MfS predisposes to aortic disease, which is associated with a high risk of premature death. MfS patients suffering from acute aortic dissection more likely required reoperation compared to patients with aortic aneurysm. In addition, patients with acute dissection showed a significantly lower overall survival as well as a higher early mortality rate. Also an emergency operation was a significant predictor for overall survival in the multivariate analysis. To improve long-term prognosis in these patients, efforts must be made to decrease the incidence of aortic dissection and redissection, leading to further operations.
Since aortic dissection occurs in aortic dilatation, it seems reasonable to replace a dilated aorta as early as possible. Crawford recommended surgical treatment, if the external diameter exceeded 5 cm [22]. The Johns Hopkins group has suggested 6 cm as a cut-off for elective replacement of the ascending aorta [19] [20], presenting excellent long-term results by using composite graft repair for MfS-related aneurysms of the ascending aorta. Svensson recommended an intervention as soon as the aorta reaches twice the diameter as the unaffected distal part of the aorta [24]. In contrast, Pyeritz demonstrated that even in aortas with a diameter of less than 5 cm, dissections may occur [25]. Yet, the major problem remains the rapid development and progression of aneurysmal dilatation.

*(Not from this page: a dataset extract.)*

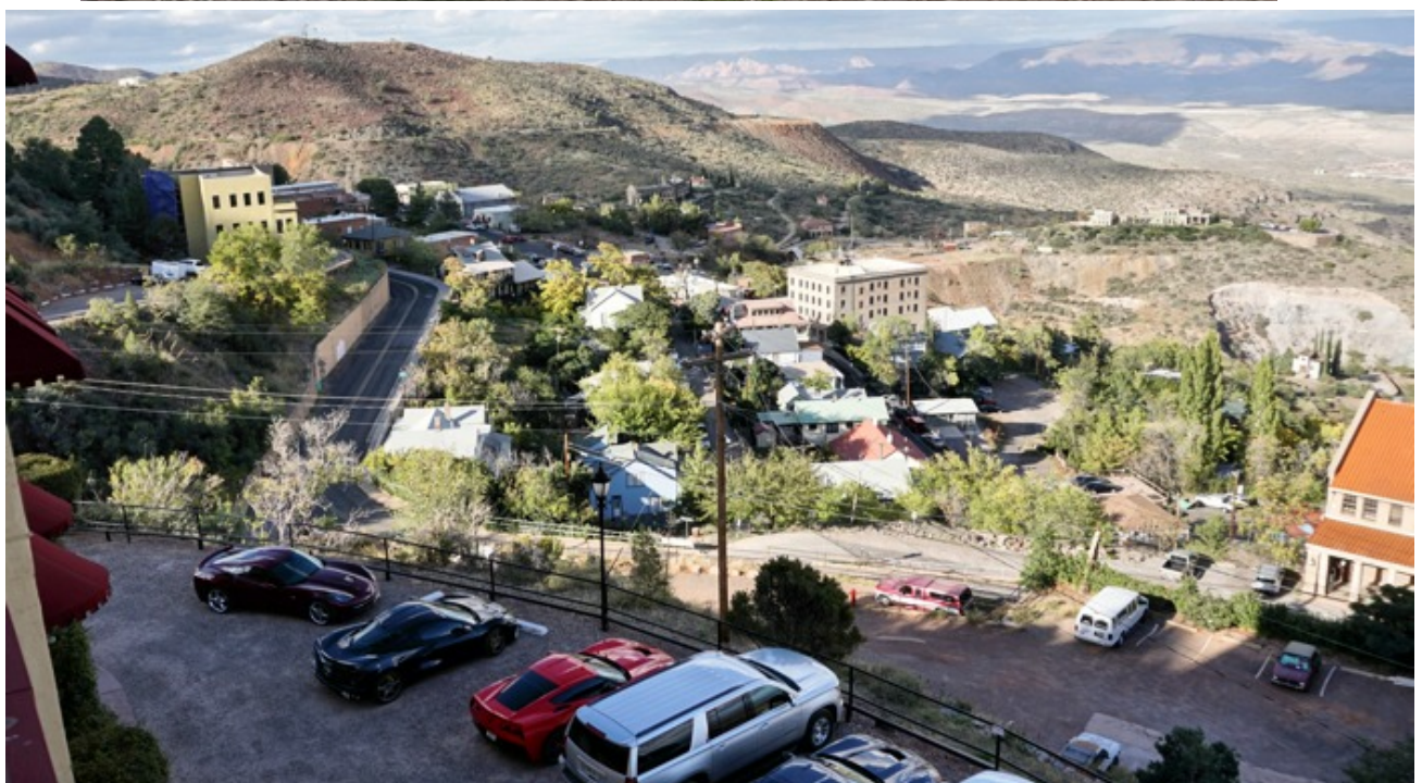
View from hotel balcony
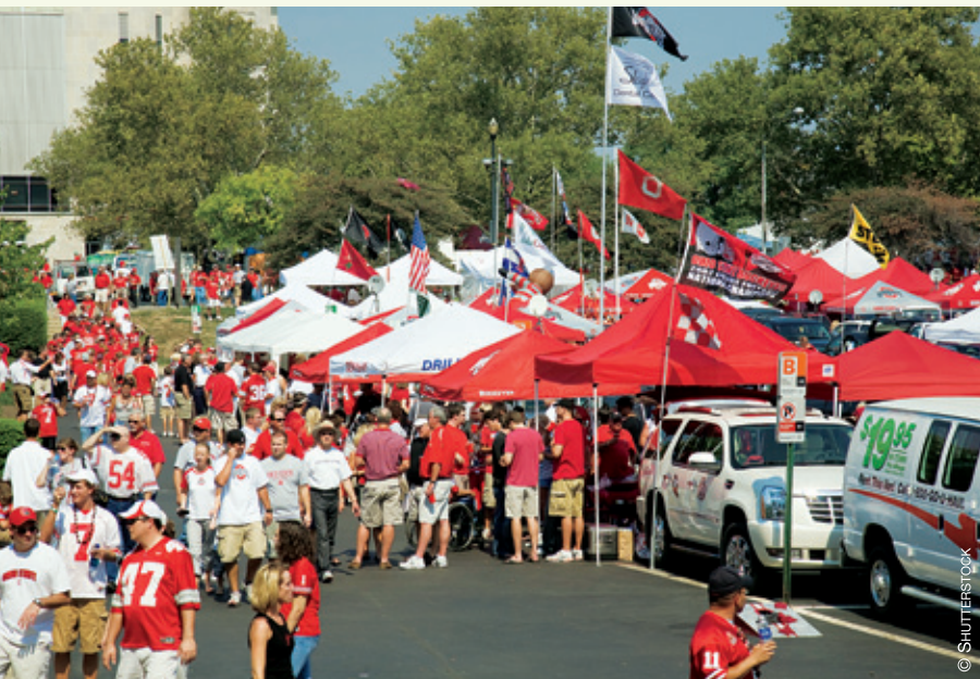
Fans attend a large tailgate party before an Ohio State University football game.

vate homes to watch the game and share their excitement with fellow enthusiasts. Some holidays, such as Thanksgiving and New Year's Day, which feature day-long broadcasts of games, can be as much about football as traditional celebration.

In conclusion, the surgical treatment of aneurysms of the thoracic aorta in MfS-patients is associated with a considerably higher risk of redissection and recurrent aneurysm compared to other etiologies of aortic disease. If the ascending aorta has to be replaced, we recommend the composite graft technique and a more aggressive approach to reduce the prevalence of distal reoperations. In order to improve the prognosis in these patients, the incidence of acute aortic dissection and redissection must be substantially reduced. Since aortic dilatation frequently leads to dissection, early diagnosis and preventive surgical treatment must be a major goal in MfS patients. To date, the best predictor is the dynamics of aortic root dilatation [36].

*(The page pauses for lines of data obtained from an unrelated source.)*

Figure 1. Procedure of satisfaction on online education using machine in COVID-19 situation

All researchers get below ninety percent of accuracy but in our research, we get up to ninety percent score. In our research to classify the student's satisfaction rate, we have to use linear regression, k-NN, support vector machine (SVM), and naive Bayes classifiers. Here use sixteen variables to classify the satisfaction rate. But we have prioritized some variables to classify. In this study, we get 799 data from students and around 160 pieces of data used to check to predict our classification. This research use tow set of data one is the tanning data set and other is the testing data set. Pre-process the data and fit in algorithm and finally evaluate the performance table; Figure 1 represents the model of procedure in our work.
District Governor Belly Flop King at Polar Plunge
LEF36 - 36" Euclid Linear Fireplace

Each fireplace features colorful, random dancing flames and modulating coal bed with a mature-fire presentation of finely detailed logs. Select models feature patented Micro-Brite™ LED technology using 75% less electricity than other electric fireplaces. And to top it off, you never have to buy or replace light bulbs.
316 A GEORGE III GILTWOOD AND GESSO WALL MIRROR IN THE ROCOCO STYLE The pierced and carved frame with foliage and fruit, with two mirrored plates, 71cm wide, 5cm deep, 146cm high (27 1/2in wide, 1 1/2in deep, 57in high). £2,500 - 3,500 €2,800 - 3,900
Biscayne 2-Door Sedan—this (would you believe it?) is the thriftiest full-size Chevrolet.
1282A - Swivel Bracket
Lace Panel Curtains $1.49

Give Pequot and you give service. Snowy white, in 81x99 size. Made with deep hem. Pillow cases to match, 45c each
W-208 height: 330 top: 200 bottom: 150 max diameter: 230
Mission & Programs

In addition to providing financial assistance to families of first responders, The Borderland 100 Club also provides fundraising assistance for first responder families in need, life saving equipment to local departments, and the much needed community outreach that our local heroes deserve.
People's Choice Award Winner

Considering the very high reoperation rate in our MfS patients and the rapid development and progression of aneurysmal dilatation, we require clinical follow-up by monitoring of the entire aorta at least twice a year. If the diameter has reached or exceeded 4 cm, we perform follow-up examination every 3 months. If the aorta exceeds 5 cm or significant aortic regurgitation develops, we recommend prophylactic surgery, even if the patient is asymtomatic. According to the observation that ß-blockers may reduce the progression of aortic dilatation, all patients with MfS should receive prophylactic ß-adrenergic blockade.